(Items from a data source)
════════
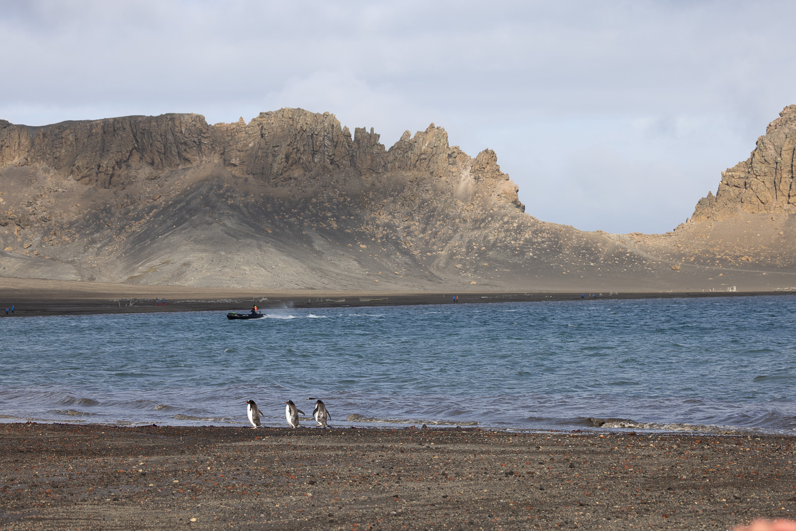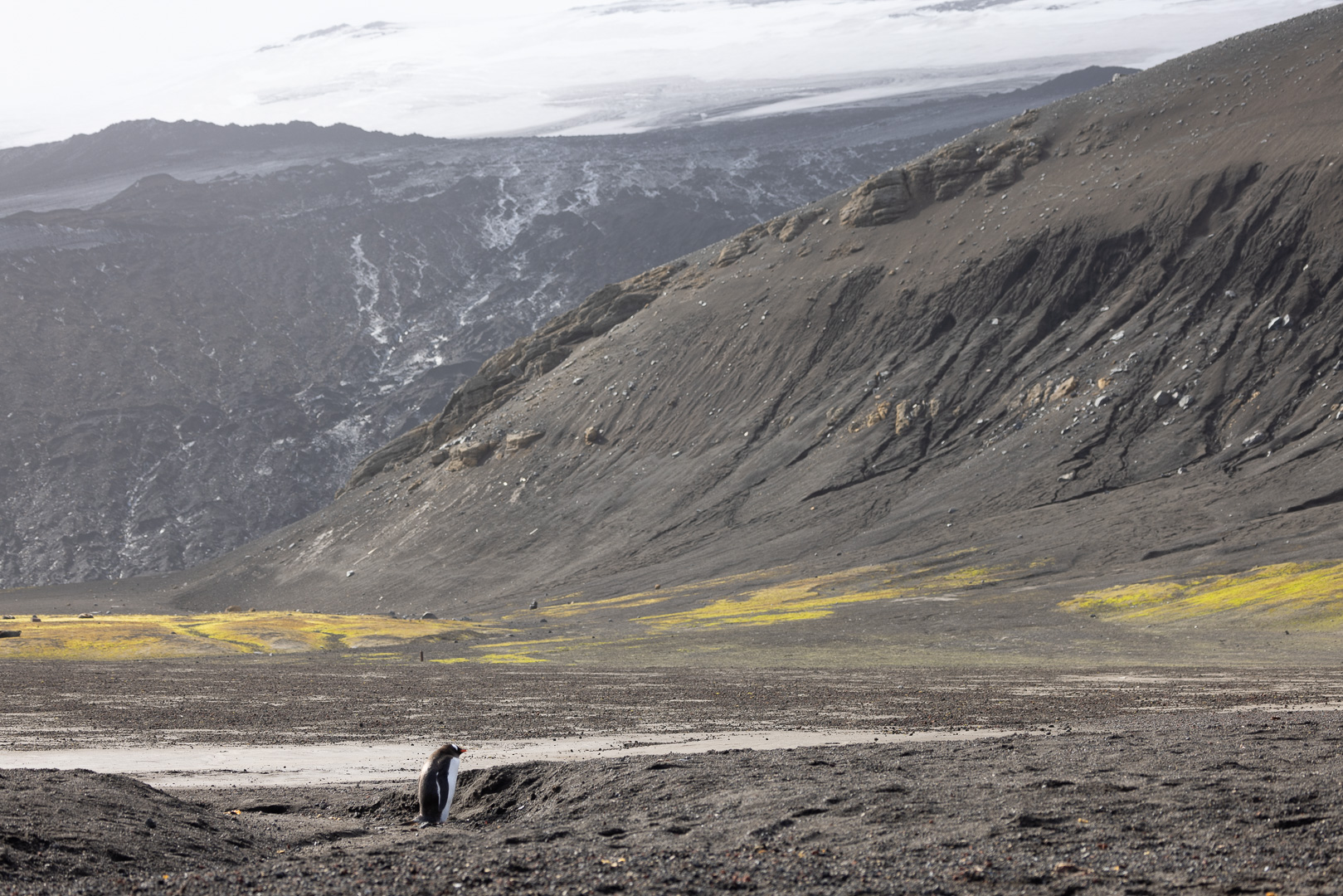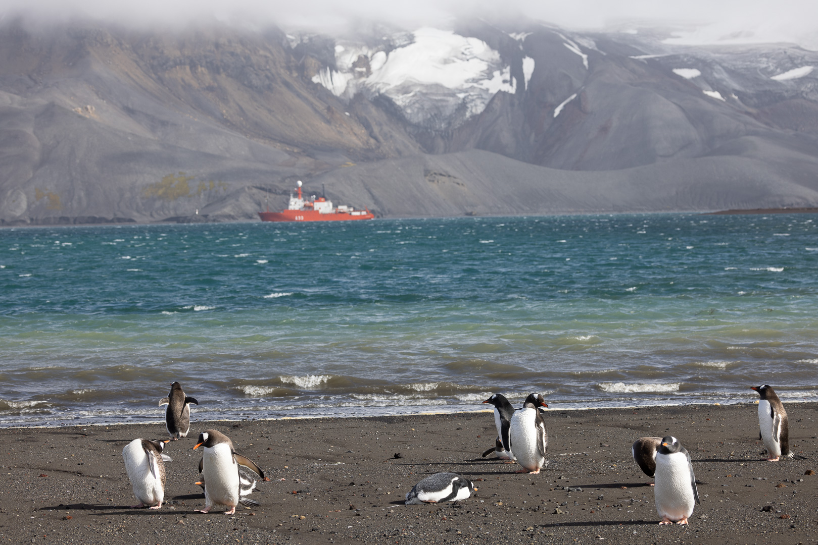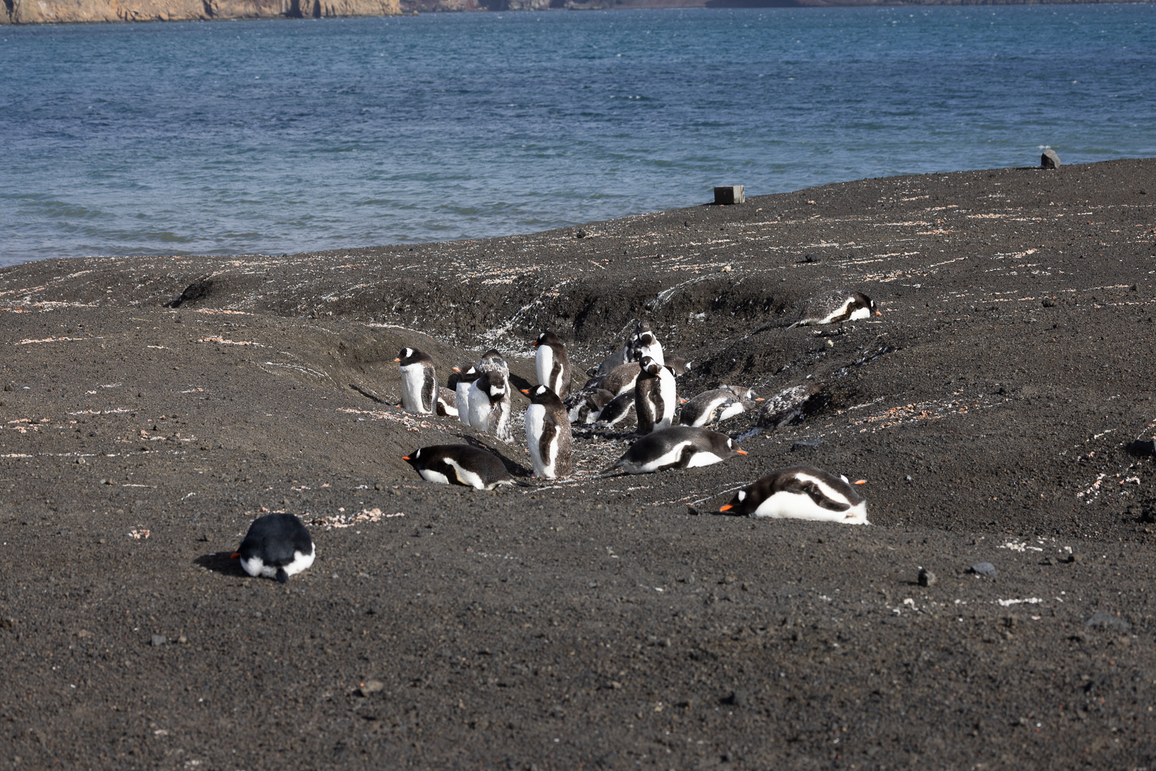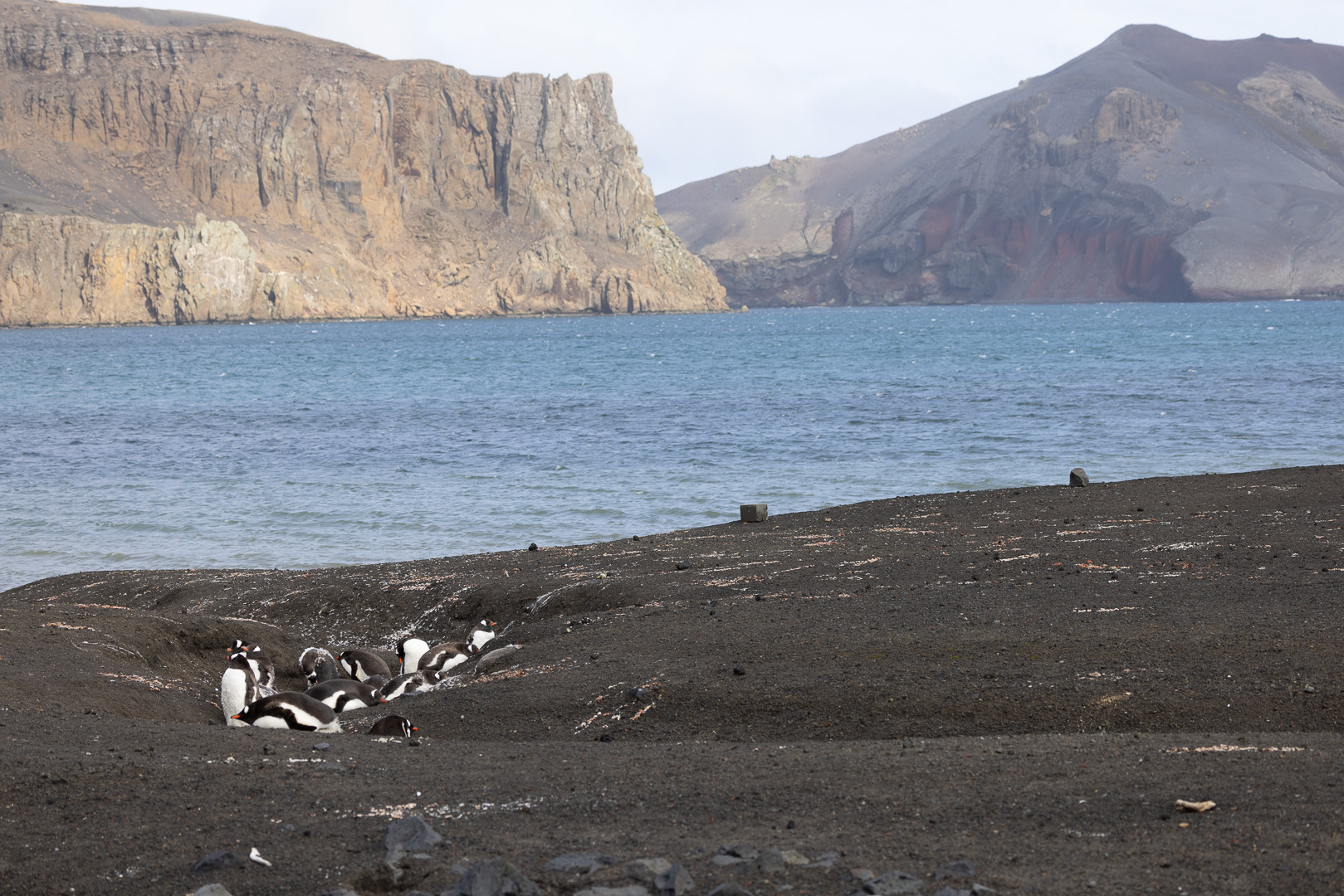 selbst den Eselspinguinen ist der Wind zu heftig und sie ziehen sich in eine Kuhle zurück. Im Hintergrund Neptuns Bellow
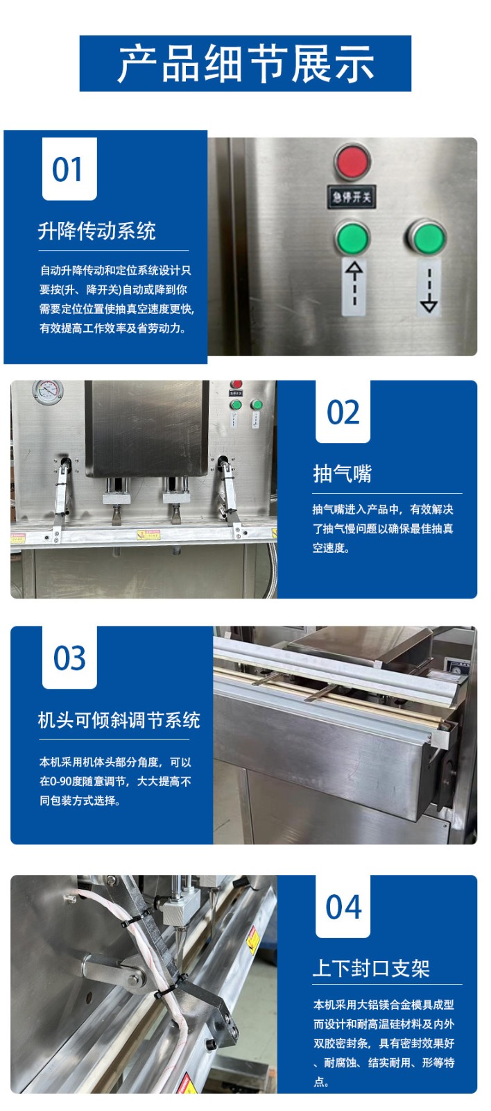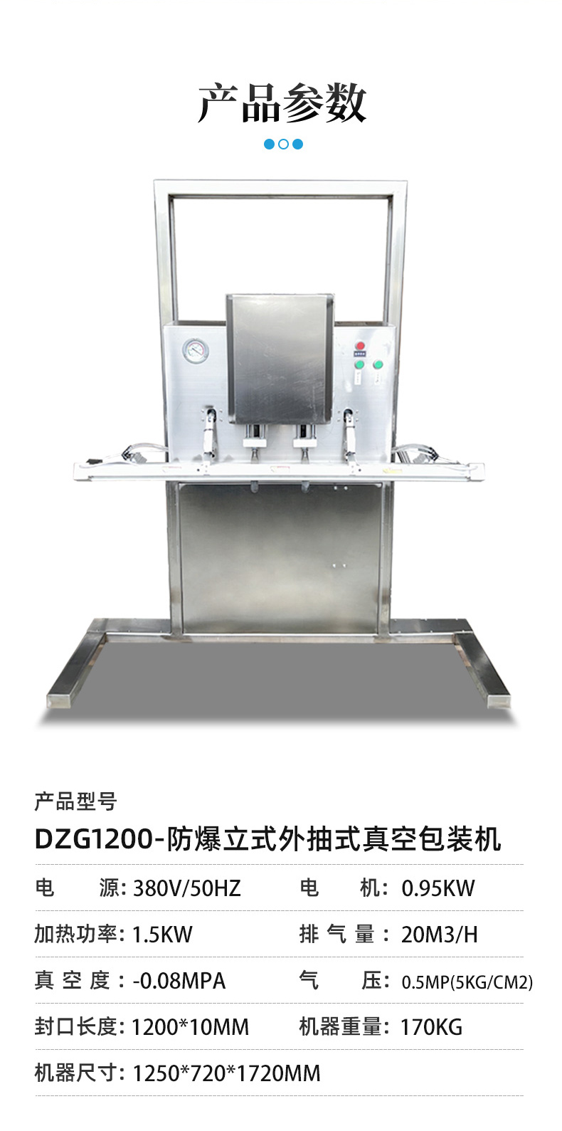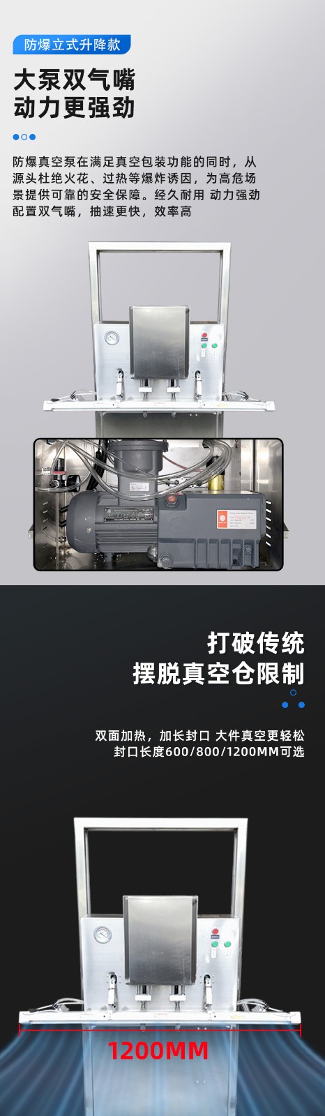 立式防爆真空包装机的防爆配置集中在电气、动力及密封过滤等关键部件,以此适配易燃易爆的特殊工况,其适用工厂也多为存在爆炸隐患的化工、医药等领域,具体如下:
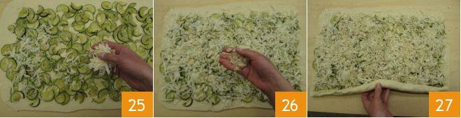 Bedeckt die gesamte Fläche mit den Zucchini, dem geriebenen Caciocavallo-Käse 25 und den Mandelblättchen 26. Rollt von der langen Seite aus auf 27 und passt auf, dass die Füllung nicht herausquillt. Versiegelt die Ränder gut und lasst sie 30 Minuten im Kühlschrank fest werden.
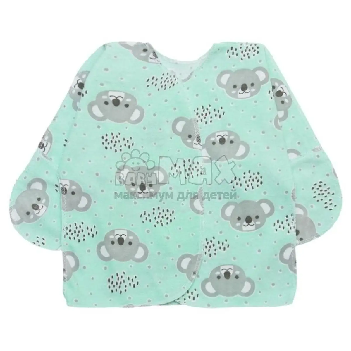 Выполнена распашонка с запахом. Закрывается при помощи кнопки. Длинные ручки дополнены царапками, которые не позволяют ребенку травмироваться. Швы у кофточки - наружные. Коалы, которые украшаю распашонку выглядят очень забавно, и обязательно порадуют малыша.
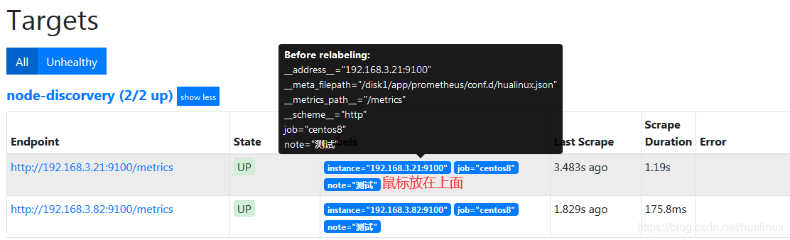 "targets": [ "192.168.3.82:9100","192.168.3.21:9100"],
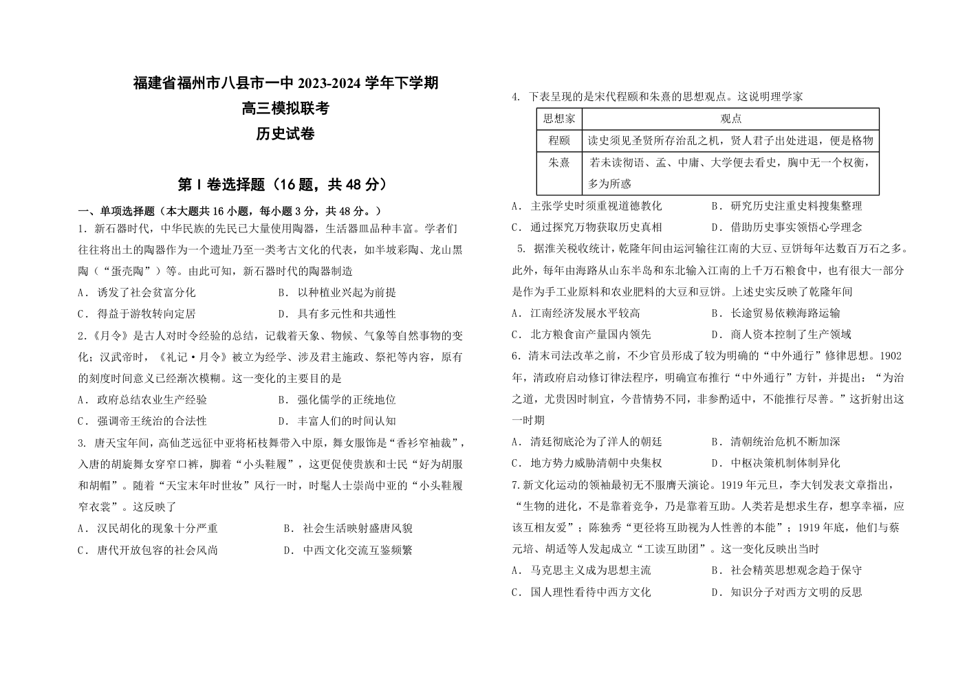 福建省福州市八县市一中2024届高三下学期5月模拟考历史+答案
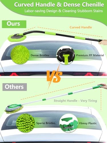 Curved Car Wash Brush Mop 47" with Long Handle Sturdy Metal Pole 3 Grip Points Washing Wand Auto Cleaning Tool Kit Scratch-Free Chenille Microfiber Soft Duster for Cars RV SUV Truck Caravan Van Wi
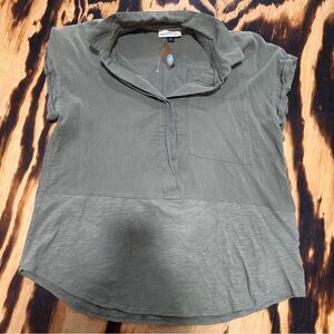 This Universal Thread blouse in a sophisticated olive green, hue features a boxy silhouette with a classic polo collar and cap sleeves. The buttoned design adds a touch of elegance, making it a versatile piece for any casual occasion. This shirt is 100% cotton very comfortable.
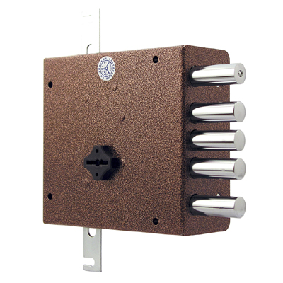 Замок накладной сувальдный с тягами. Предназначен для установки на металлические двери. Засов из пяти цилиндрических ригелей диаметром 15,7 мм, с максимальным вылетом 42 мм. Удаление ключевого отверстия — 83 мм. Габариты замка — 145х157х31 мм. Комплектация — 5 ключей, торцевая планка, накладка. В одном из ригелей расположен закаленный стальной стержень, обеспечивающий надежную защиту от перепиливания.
════════
What you have to do. The answer must consist solely of the lines from the first line of the data through the line containing "This Universal Thread", inclusive, reproduced exactly and without pictures.

Problem solution.
 selbst den Eselspinguinen ist der Wind zu heftig und sie ziehen sich in eine Kuhle zurück. Im Hintergrund Neptuns Bellow
 立式防爆真空包装机的防爆配置集中在电气、动力及密封过滤等关键部件,以此适配易燃易爆的特殊工况,其适用工厂也多为存在爆炸隐患的化工、医药等领域,具体如下:
 Bedeckt die gesamte Fläche mit den Zucchini, dem geriebenen Caciocavallo-Käse 25 und den Mandelblättchen 26. Rollt von der langen Seite aus auf 27 und passt auf, dass die Füllung nicht herausquillt. Versiegelt die Ränder gut und lasst sie 30 Minuten im Kühlschrank fest werden.
 Выполнена распашонка с запахом. Закрывается при помощи кнопки. Длинные ручки дополнены царапками, которые не позволяют ребенку травмироваться. Швы у кофточки - наружные. Коалы, которые украшаю распашонку выглядят очень забавно, и обязательно порадуют малыша.
 "targets": [ "192.168.3.82:9100","192.168.3.21:9100"],
 福建省福州市八县市一中2024届高三下学期5月模拟考历史+答案
 Curved Car Wash Brush Mop 47" with Long Handle Sturdy Metal Pole 3 Grip Points Washing Wand Auto Cleaning Tool Kit Scratch-Free Chenille Microfiber Soft Duster for Cars RV SUV Truck Caravan Van Wi
 This Universal Thread blouse in a sophisticated olive green, hue features a boxy silhouette with a classic polo collar and cap sleeves. The buttoned design adds a touch of elegance, making it a versatile piece for any casual occasion. This shirt is 100% cotton very comfortable.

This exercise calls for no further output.